El oscuro cuentacuentos

Tim Burton parece un personaje de Tim Burton. Sólo guarda un color en su ropero: el negro, detalle cromático al que hay que añadir el pelo eléctrico, como de doctor chiflado de una cinta de serie B de los cincuenta, las enormes gafas tintadas, que no logran esconder las permanentes ojeras, y los tics esquizofrénicos. Es probable que si se nos sentara al lado en el metro o en el autobús, más de uno torcería el gesto, siquiera mentalmente, aunque acto seguido se reprochase la actitud de reparo inicial. En descargo de los gestos torcidos cabría argumentar que la imagen lívido-gótica del director ha sido asociada durante siglos a los territorios más turbios del alma humana, y ese caudal histórico de subconsciente colectivo ha de terminar manifestándose, incluso en quienes se consideran vacunados contra cualquier prejuicio. Y a eso se ha dedicado el director de Bitelchús desde su lejano Vincent: a derribar los prejuicios que despierta todo aquél que, como Eduardo Manostijeras, ha querido la Naturaleza o el Destino que se saliera del molde preconcebido y general. Para esa operación de derribo se ha basado en una serie de personajes tan singulares como atractivos, tan insólitos como profundos, algunos de los cuales ocupan sin duda un lugar preferente en el imaginario fílmico de los últimos treinta años.

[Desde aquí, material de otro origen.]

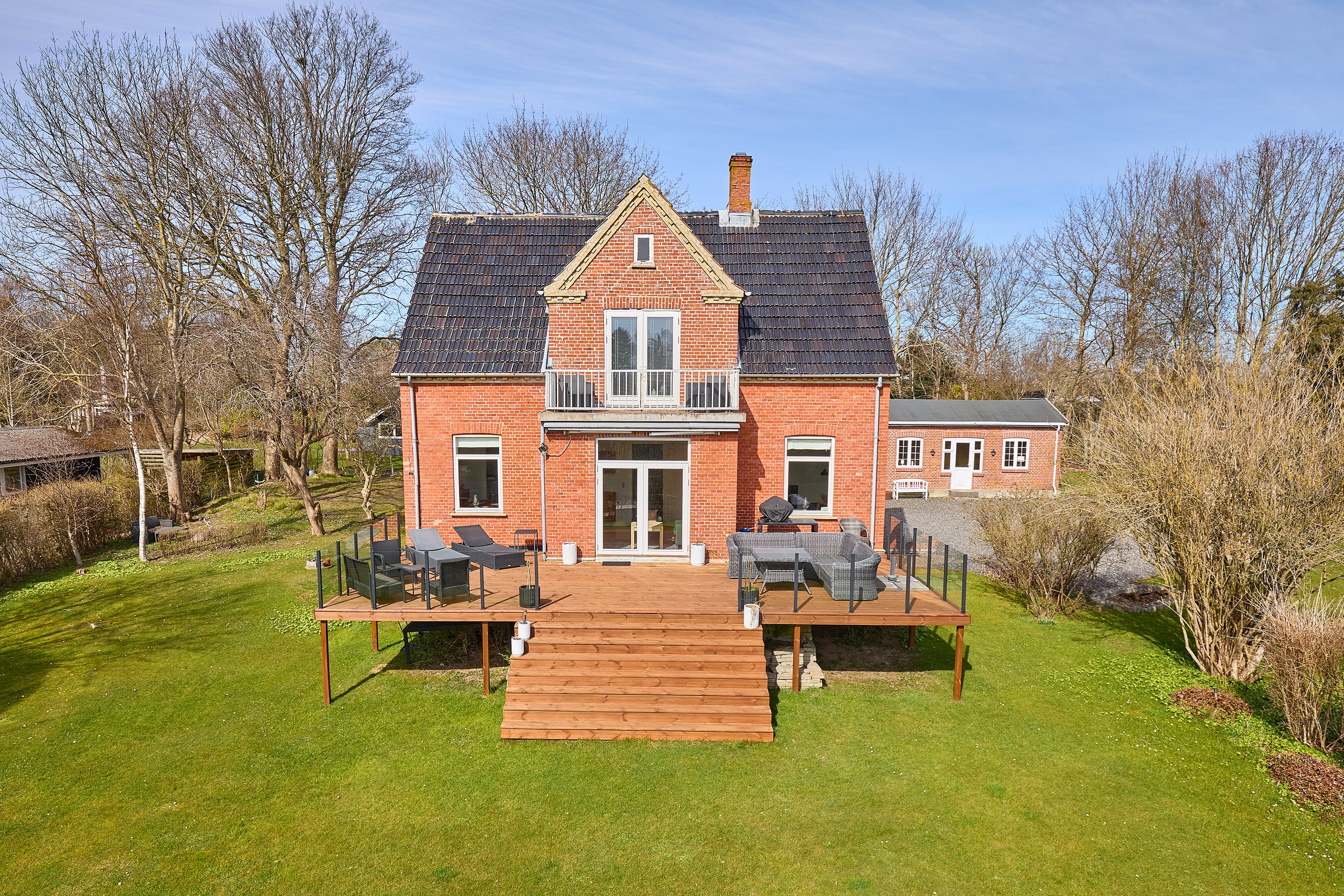 Udenfor venter en smuk grund på 2.276 kvadratmeter, hvor naturen virkelig kan nydes. Den velplejede have inviterer til leg, afslapning og skønne stunder i solens skær. Den store terrasse, der strækker sig fra huset, bliver et naturligt samlingspunkt, hvor I kan nyde de lange sommeraftener med venner og familie, alt imens I beundrer den betagende udsigt over det omkringliggende landskab.

Un repaso a la galería de personajes burtonianos confirma que, de compartir un nexo, de haber un denominador común, éste es el de la insularidad; de Batman a Ed Bloom senior, de Eduardo Manostijeras a Ed Wood (mucho Edward suelto en la filmografía de Burton), todos los protagonistas de las películas de Burton habitan un entorno que, sin ellos pretenderlo casi nunca, los tolera con incomprensión, con una caución de guantes de látex que no pocas veces deviene en frontal hostilidad. Y esa insularidad se manifiesta en primer lugar en el aspecto, en una imagen que supone el mayor obstáculo para establecer una efectiva, sincera comunicación entre el protagonista y el entorno; obstáculo a menudo insalvable, llegando a opacar los actos de bondad o altruismo de los protagonistas, que calan menos en los habitantes del entorno que el envoltorio de los hacedores.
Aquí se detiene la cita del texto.